## Work instructions:
Transcribe exactly everything in the data below from the line containing "贵州省贵阳市第一中学2024届高三适应性月考(八)英语答案" down to the line containing "当下,飞桨PaddlePad", both lines included and nothing further.

## Records to use:
>>

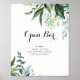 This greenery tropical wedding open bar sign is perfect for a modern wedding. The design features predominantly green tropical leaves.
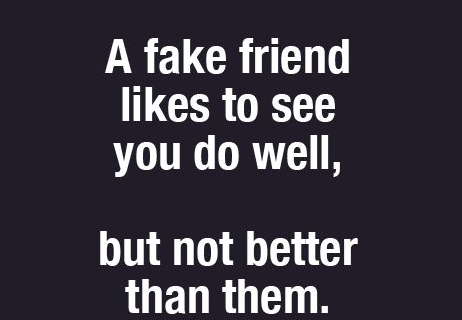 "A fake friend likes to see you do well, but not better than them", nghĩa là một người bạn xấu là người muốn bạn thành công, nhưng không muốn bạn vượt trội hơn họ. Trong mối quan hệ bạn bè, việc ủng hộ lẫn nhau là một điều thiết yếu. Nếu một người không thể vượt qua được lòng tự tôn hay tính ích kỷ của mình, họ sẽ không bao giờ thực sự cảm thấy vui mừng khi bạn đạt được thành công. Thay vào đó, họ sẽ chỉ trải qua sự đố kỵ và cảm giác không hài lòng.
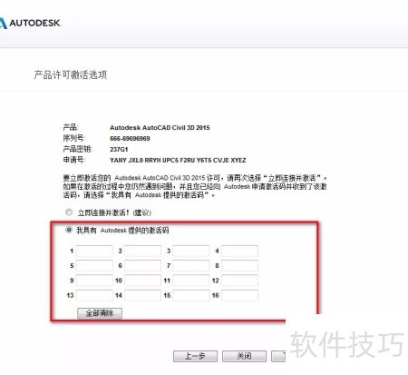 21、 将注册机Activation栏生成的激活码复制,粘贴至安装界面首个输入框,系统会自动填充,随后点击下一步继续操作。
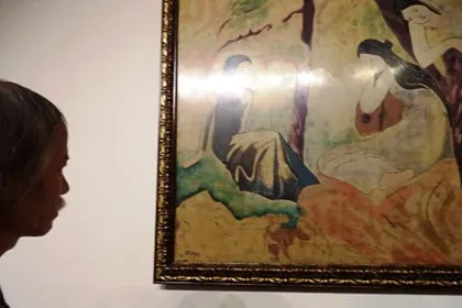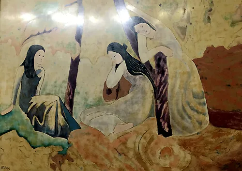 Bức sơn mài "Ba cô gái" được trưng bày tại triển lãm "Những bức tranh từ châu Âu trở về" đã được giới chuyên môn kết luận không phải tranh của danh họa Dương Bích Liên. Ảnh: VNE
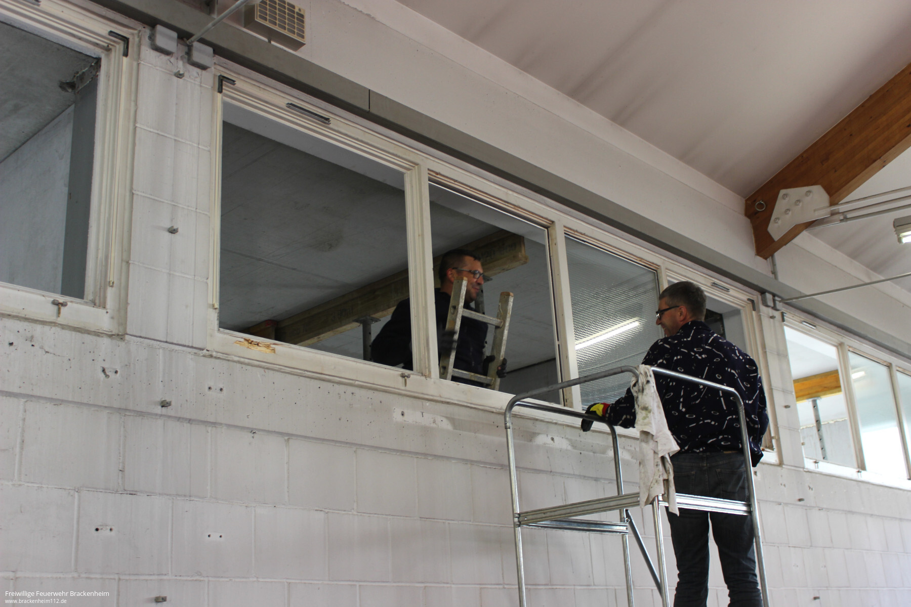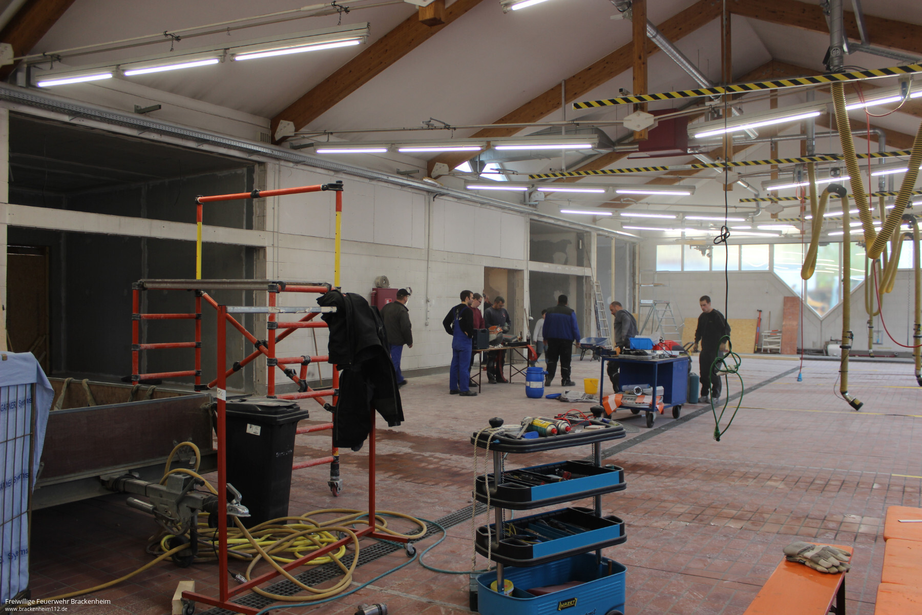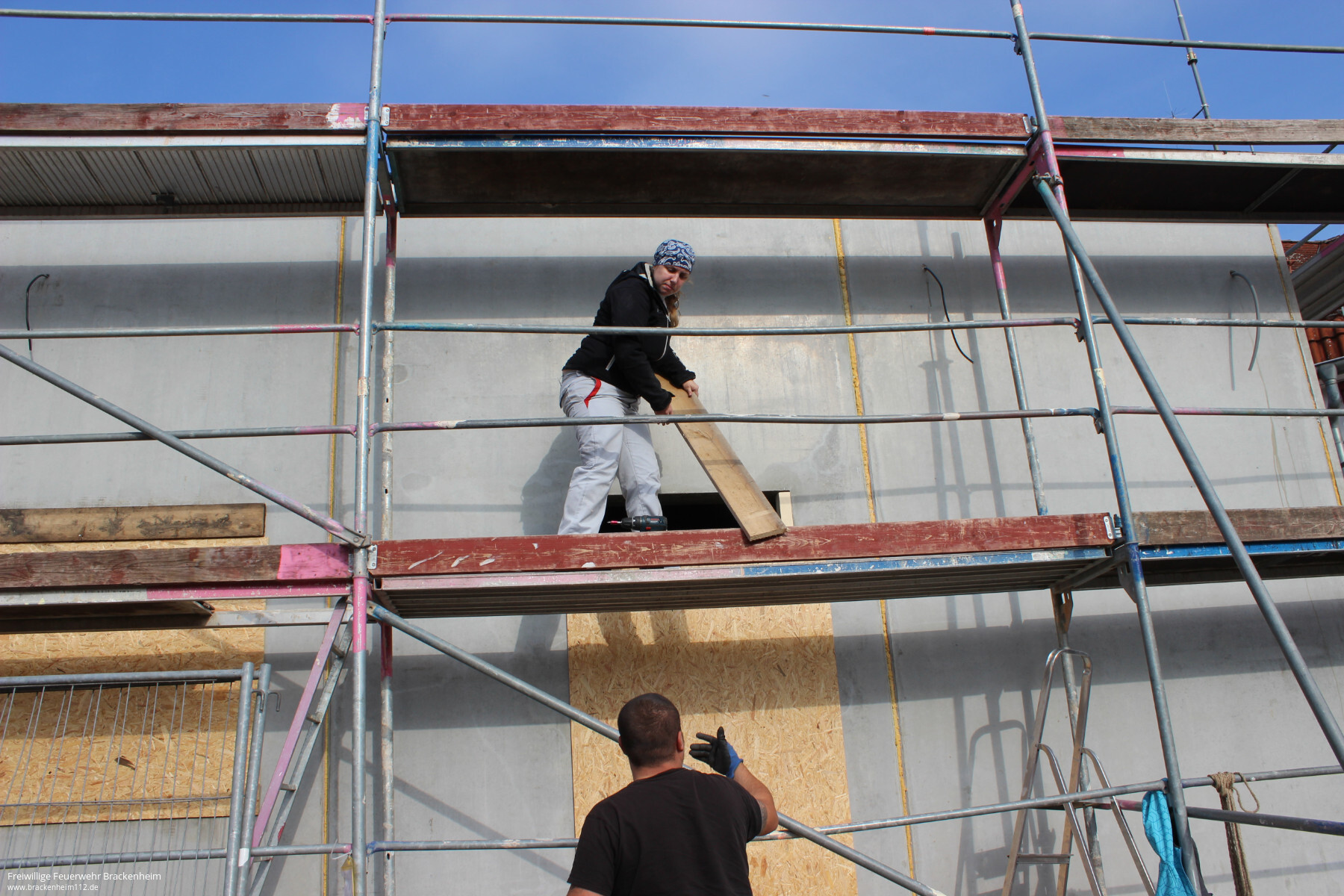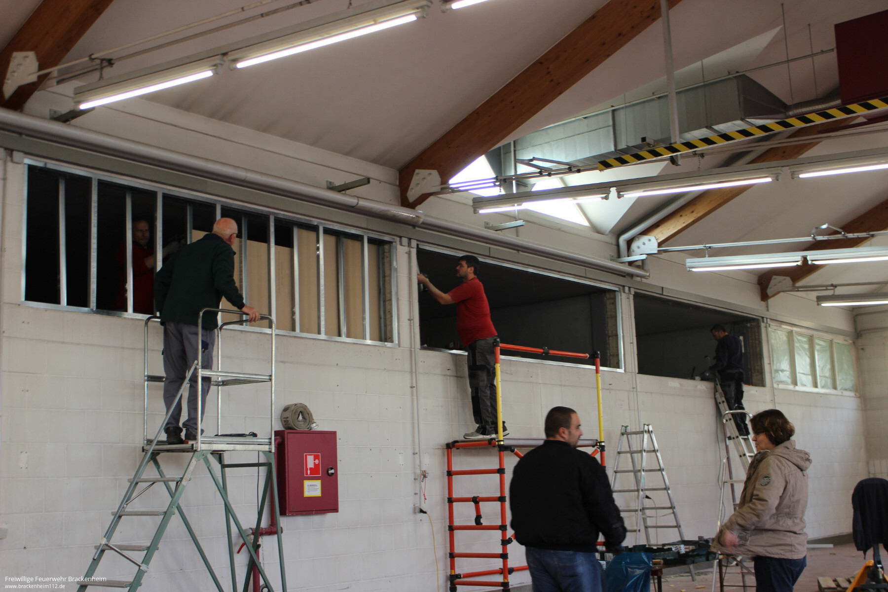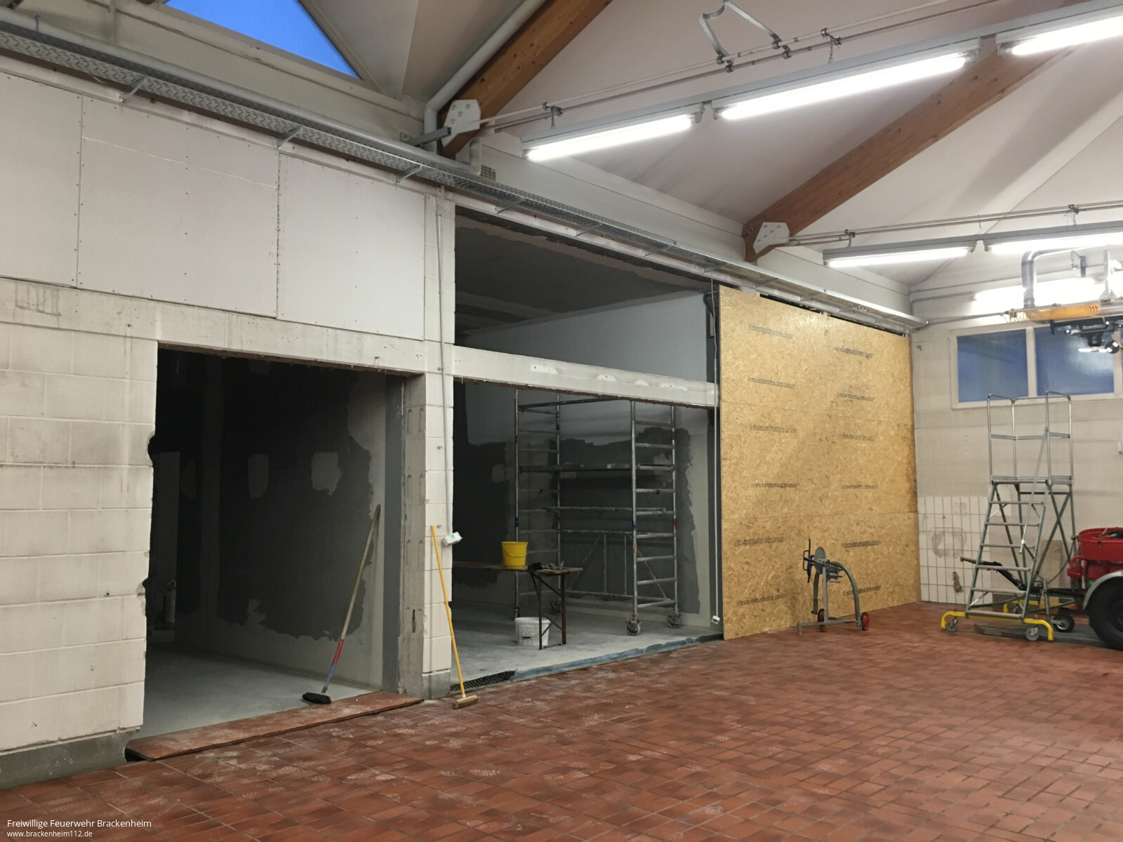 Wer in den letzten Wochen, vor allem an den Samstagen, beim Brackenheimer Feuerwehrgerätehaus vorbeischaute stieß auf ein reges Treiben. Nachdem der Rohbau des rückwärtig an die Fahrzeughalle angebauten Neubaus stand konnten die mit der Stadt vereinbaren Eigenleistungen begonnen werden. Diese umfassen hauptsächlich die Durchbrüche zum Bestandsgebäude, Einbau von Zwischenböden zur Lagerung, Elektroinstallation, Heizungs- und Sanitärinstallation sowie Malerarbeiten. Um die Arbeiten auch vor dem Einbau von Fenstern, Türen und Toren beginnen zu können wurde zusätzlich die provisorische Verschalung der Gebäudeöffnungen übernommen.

<<
>>

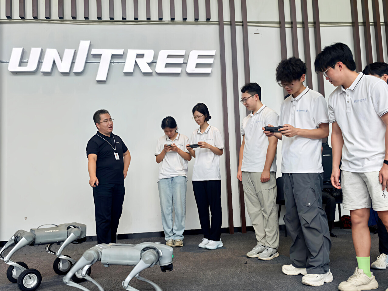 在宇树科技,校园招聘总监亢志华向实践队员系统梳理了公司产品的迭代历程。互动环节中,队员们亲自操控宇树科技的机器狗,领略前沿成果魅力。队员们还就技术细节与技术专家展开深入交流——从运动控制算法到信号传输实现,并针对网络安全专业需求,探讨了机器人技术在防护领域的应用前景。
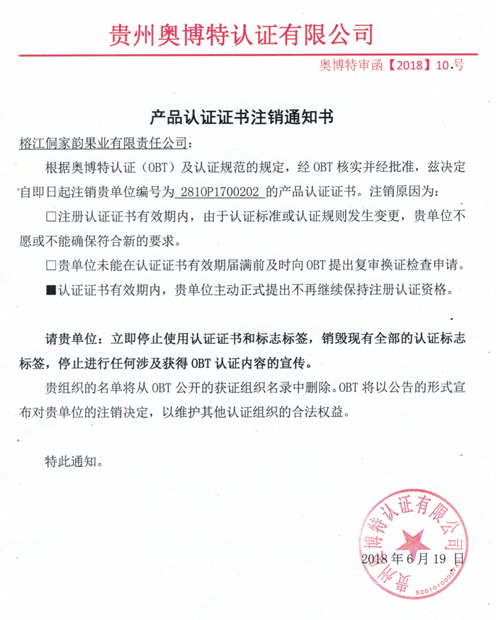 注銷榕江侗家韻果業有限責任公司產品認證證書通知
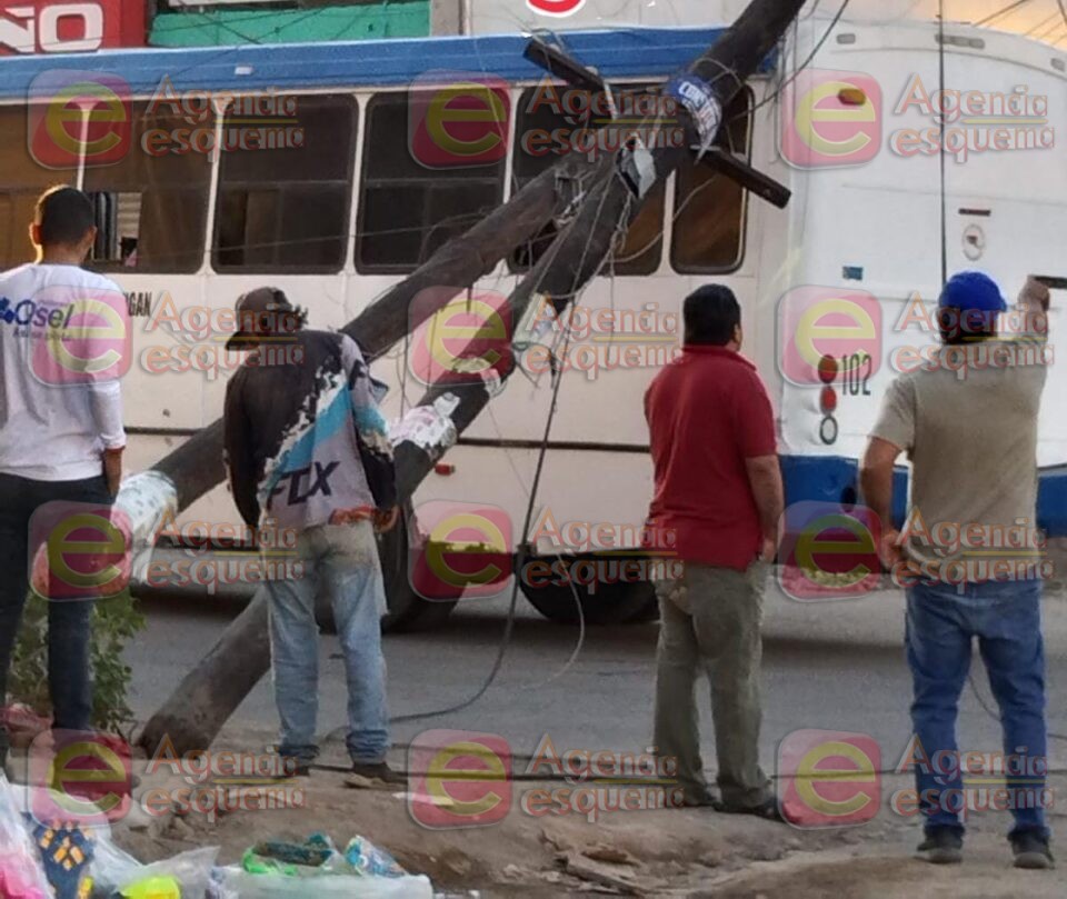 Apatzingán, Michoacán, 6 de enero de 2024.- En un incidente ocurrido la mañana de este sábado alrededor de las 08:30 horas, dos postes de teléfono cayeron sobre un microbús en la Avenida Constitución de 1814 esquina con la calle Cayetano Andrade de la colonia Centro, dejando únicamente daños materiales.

<<
>>

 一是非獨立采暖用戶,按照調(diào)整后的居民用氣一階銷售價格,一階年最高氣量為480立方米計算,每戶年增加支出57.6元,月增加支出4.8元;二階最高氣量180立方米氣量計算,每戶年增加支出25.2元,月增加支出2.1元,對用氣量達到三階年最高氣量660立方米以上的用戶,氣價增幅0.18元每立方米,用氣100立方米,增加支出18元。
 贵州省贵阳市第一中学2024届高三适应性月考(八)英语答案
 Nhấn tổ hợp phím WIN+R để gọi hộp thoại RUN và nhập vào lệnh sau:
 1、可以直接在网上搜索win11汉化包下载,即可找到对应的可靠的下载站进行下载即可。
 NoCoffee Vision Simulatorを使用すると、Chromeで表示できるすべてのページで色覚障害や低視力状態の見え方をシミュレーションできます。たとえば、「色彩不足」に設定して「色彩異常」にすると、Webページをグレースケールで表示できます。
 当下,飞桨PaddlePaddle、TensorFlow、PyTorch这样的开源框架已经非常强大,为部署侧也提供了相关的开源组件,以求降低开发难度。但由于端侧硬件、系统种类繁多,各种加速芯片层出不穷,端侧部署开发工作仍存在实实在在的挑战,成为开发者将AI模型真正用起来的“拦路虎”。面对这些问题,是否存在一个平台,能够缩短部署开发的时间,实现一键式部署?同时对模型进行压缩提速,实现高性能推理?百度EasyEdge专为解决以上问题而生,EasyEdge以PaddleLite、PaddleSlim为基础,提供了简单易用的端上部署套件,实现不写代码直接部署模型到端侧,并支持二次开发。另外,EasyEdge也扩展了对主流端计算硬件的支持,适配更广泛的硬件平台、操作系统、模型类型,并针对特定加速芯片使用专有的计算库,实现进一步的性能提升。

<<

## Reply to the task:
 贵州省贵阳市第一中学2024届高三适应性月考(八)英语答案
 Nhấn tổ hợp phím WIN+R để gọi hộp thoại RUN và nhập vào lệnh sau:
 1、可以直接在网上搜索win11汉化包下载,即可找到对应的可靠的下载站进行下载即可。
 NoCoffee Vision Simulatorを使用すると、Chromeで表示できるすべてのページで色覚障害や低視力状態の見え方をシミュレーションできます。たとえば、「色彩不足」に設定して「色彩異常」にすると、Webページをグレースケールで表示できます。
 当下,飞桨PaddlePaddle、TensorFlow、PyTorch这样的开源框架已经非常强大,为部署侧也提供了相关的开源组件,以求降低开发难度。但由于端侧硬件、系统种类繁多,各种加速芯片层出不穷,端侧部署开发工作仍存在实实在在的挑战,成为开发者将AI模型真正用起来的“拦路虎”。面对这些问题,是否存在一个平台,能够缩短部署开发的时间,实现一键式部署?同时对模型进行压缩提速,实现高性能推理?百度EasyEdge专为解决以上问题而生,EasyEdge以PaddleLite、PaddleSlim为基础,提供了简单易用的端上部署套件,实现不写代码直接部署模型到端侧,并支持二次开发。另外,EasyEdge也扩展了对主流端计算硬件的支持,适配更广泛的硬件平台、操作系统、模型类型,并针对特定加速芯片使用专有的计算库,实现进一步的性能提升。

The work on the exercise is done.